• [DATA FOR THE TASK]:
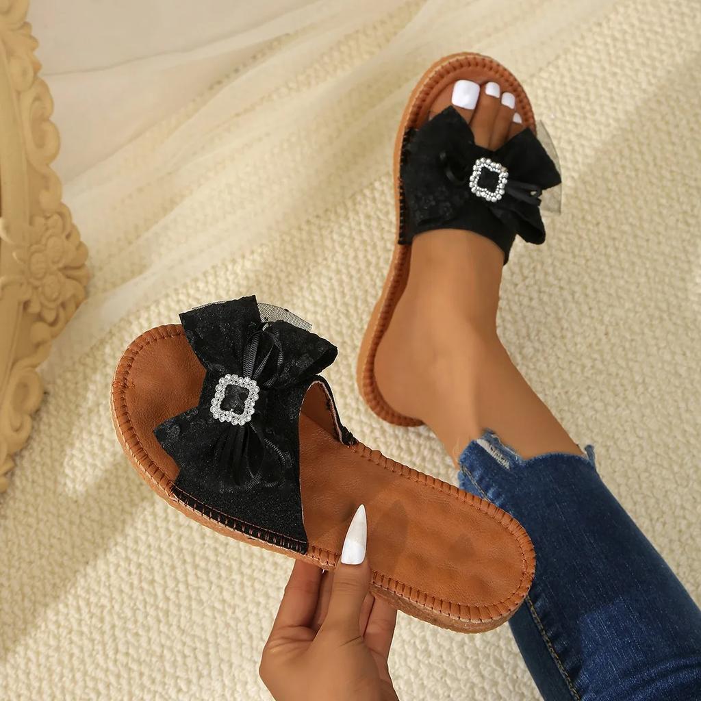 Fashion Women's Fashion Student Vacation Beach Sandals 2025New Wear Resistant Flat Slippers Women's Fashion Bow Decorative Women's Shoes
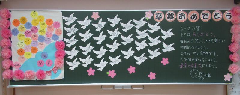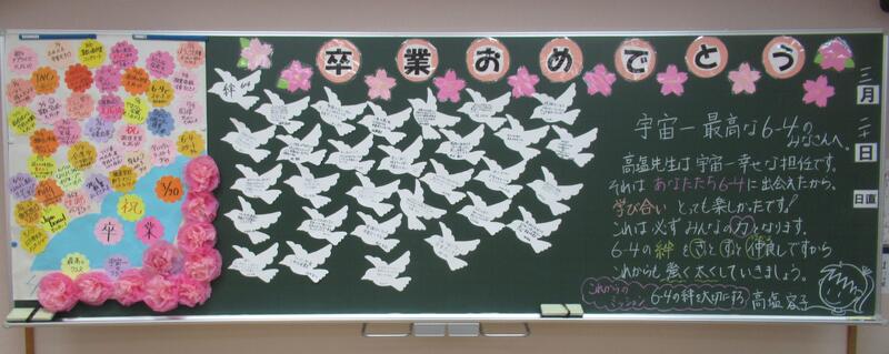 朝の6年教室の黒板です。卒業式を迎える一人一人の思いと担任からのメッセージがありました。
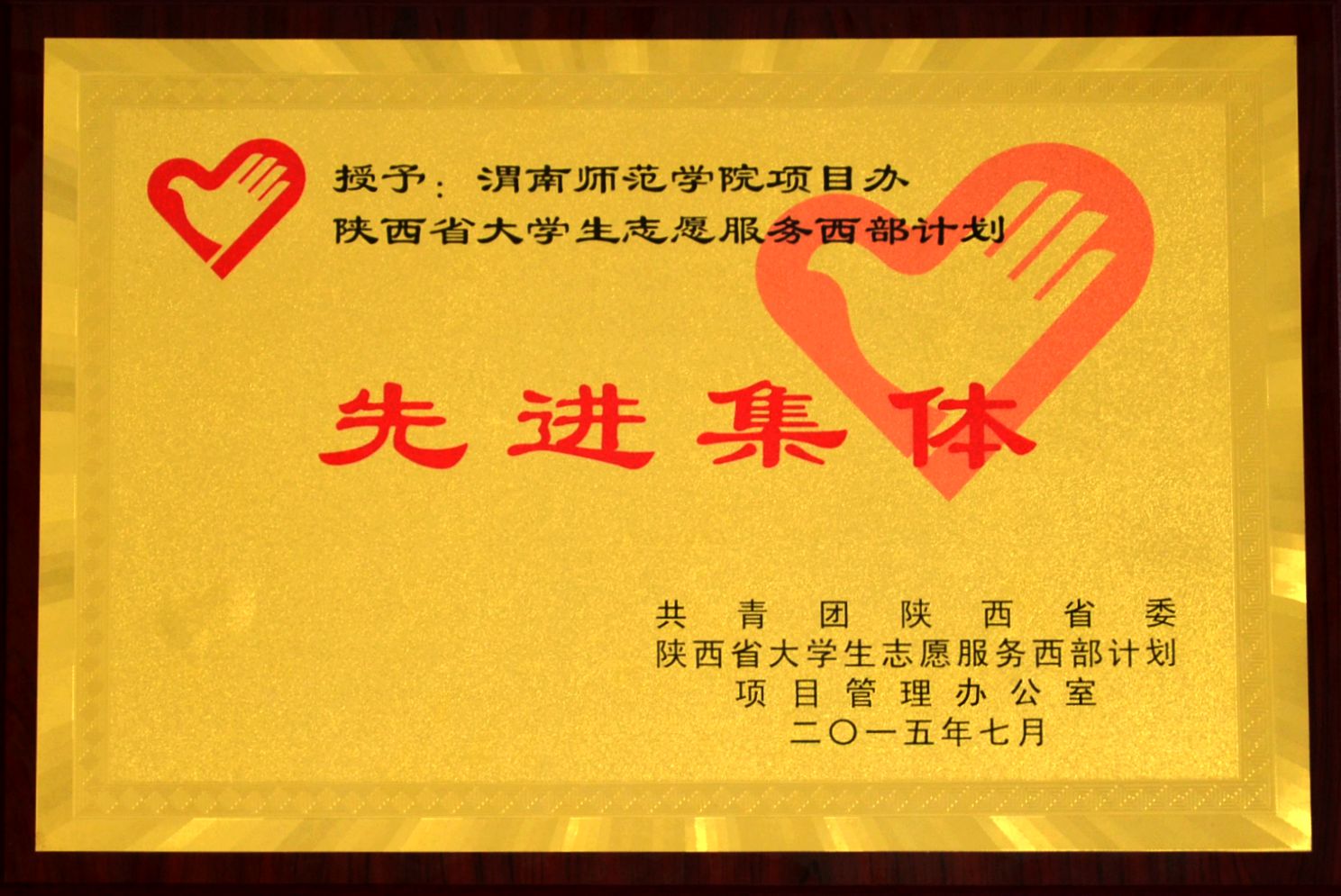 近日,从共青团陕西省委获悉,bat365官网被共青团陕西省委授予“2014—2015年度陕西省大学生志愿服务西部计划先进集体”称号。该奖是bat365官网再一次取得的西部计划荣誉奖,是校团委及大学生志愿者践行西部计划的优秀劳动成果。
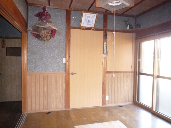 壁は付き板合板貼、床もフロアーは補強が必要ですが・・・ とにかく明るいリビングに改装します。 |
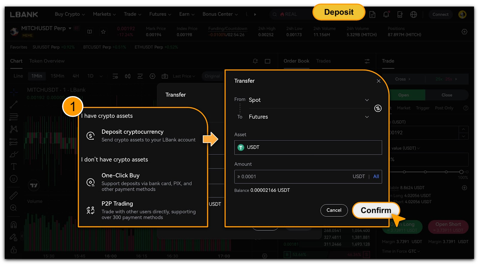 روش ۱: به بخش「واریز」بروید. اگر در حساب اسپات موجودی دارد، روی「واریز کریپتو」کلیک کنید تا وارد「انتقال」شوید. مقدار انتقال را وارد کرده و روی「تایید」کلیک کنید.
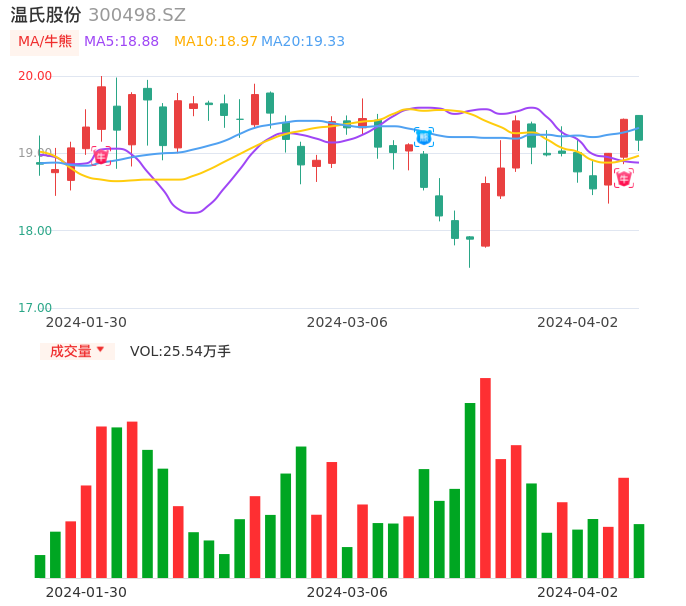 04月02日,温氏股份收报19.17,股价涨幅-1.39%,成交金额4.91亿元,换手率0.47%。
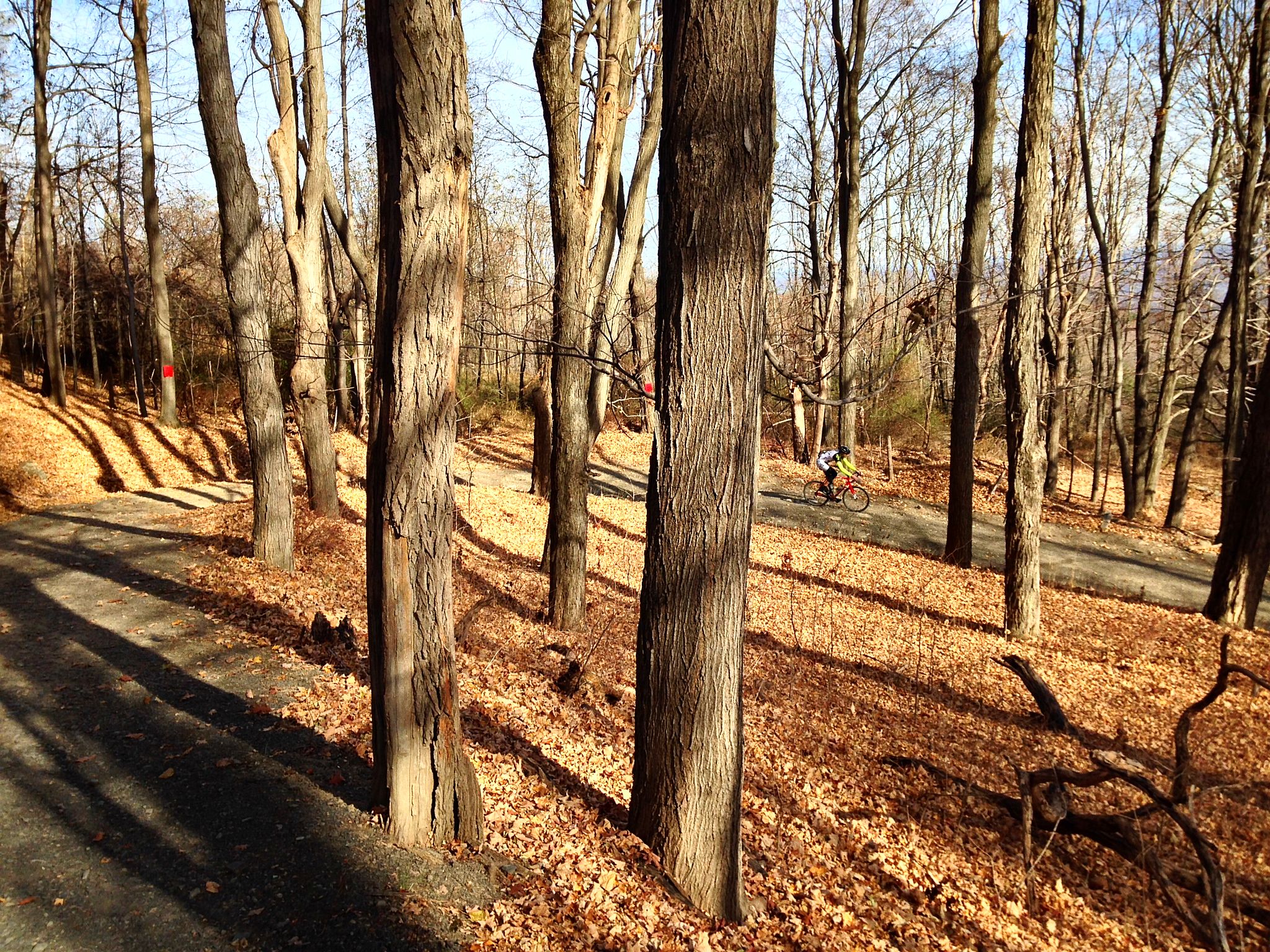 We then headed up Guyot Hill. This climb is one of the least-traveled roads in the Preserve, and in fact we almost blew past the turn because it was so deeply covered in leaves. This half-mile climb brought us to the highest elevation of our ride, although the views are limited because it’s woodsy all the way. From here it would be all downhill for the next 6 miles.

• [AIM OF THE TASK]:
Look above for the line with "روش ۱: به بخش「واریز」بروید." and the line with "04月02日,温氏股份收报1". Copy them and every line between, exactly, but no pictures.

• [WRITTEN ANSWER]:
 روش ۱: به بخش「واریز」بروید. اگر در حساب اسپات موجودی دارد، روی「واریز کریپتو」کلیک کنید تا وارد「انتقال」شوید. مقدار انتقال را وارد کرده و روی「تایید」کلیک کنید.
 04月02日,温氏股份收报19.17,股价涨幅-1.39%,成交金额4.91亿元,换手率0.47%。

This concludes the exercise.